> [Data shown]:
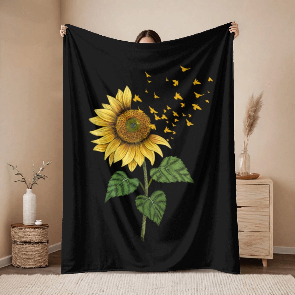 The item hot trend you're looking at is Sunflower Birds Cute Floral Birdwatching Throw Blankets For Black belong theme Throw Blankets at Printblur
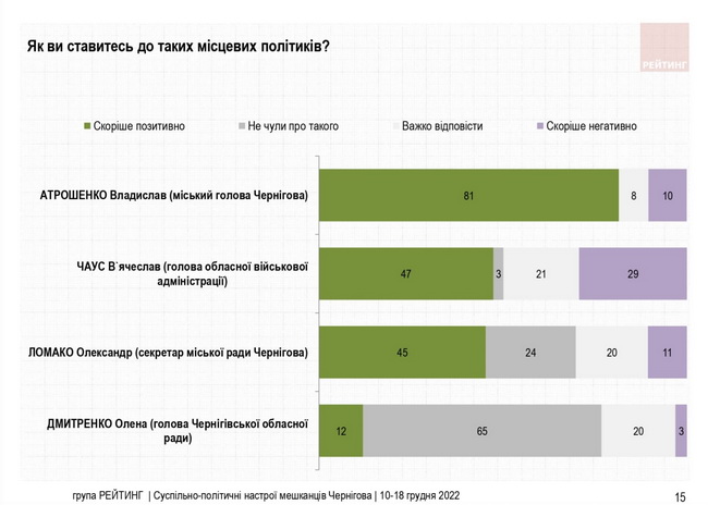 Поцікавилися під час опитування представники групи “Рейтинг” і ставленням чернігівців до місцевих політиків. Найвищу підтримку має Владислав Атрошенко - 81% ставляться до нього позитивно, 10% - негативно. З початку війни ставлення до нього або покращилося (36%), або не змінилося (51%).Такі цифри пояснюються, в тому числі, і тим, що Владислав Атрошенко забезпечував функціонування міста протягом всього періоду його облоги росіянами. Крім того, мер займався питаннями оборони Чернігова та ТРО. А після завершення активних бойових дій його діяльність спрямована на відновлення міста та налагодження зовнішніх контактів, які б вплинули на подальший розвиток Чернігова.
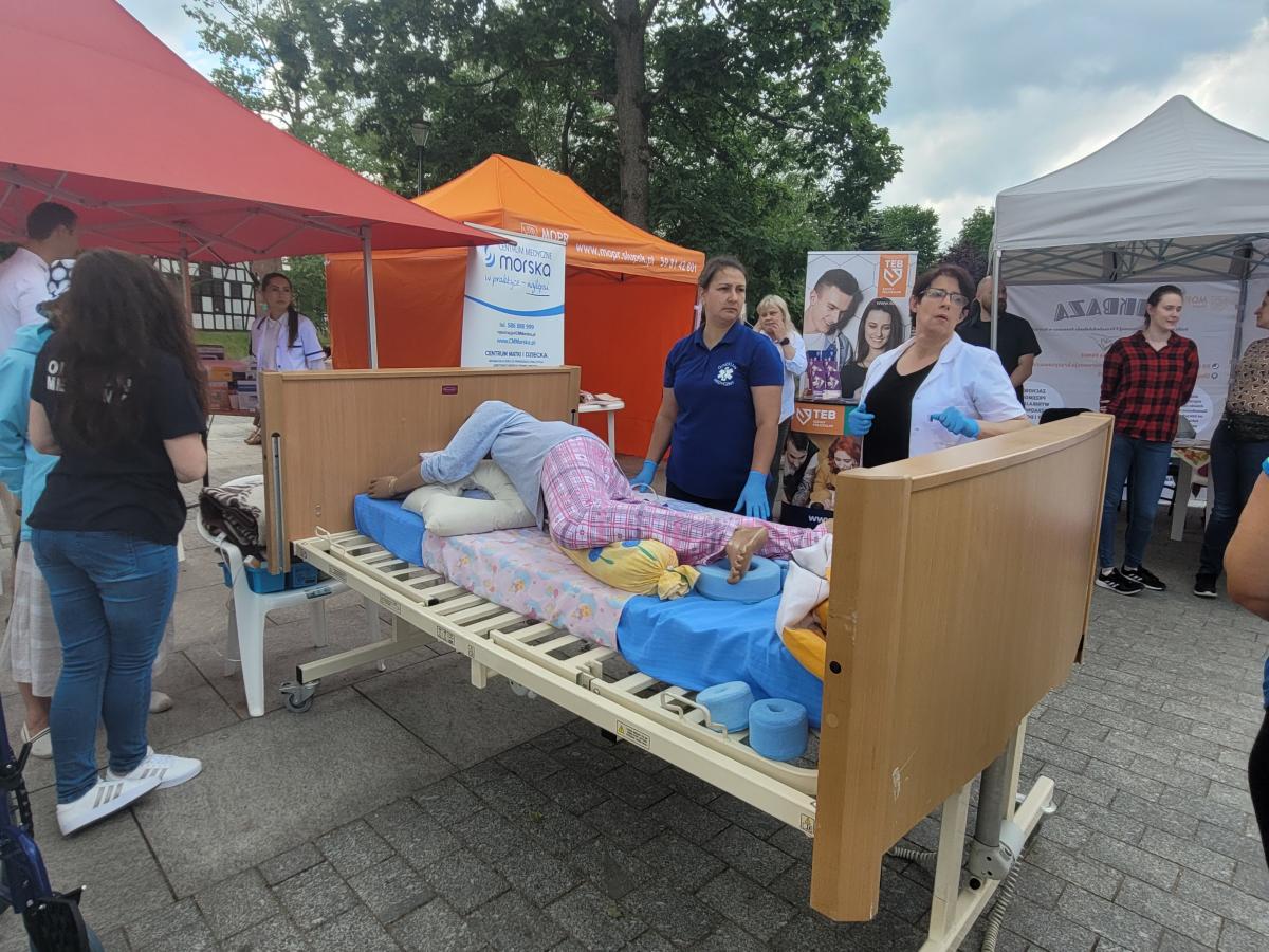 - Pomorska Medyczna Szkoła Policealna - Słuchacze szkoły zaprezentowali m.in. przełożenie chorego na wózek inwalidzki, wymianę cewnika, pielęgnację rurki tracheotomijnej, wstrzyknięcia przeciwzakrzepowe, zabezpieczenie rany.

> [Your task]: Please return, exactly and with pictures omitted, the lines from the line holding "Поцікавилися під час" through the end of the data above, inclusive.

> [Exercise answer]:
 Поцікавилися під час опитування представники групи “Рейтинг” і ставленням чернігівців до місцевих політиків. Найвищу підтримку має Владислав Атрошенко - 81% ставляться до нього позитивно, 10% - негативно. З початку війни ставлення до нього або покращилося (36%), або не змінилося (51%).Такі цифри пояснюються, в тому числі, і тим, що Владислав Атрошенко забезпечував функціонування міста протягом всього періоду його облоги росіянами. Крім того, мер займався питаннями оборони Чернігова та ТРО. А після завершення активних бойових дій його діяльність спрямована на відновлення міста та налагодження зовнішніх контактів, які б вплинули на подальший розвиток Чернігова.
 - Pomorska Medyczna Szkoła Policealna - Słuchacze szkoły zaprezentowali m.in. przełożenie chorego na wózek inwalidzki, wymianę cewnika, pielęgnację rurki tracheotomijnej, wstrzyknięcia przeciwzakrzepowe, zabezpieczenie rany.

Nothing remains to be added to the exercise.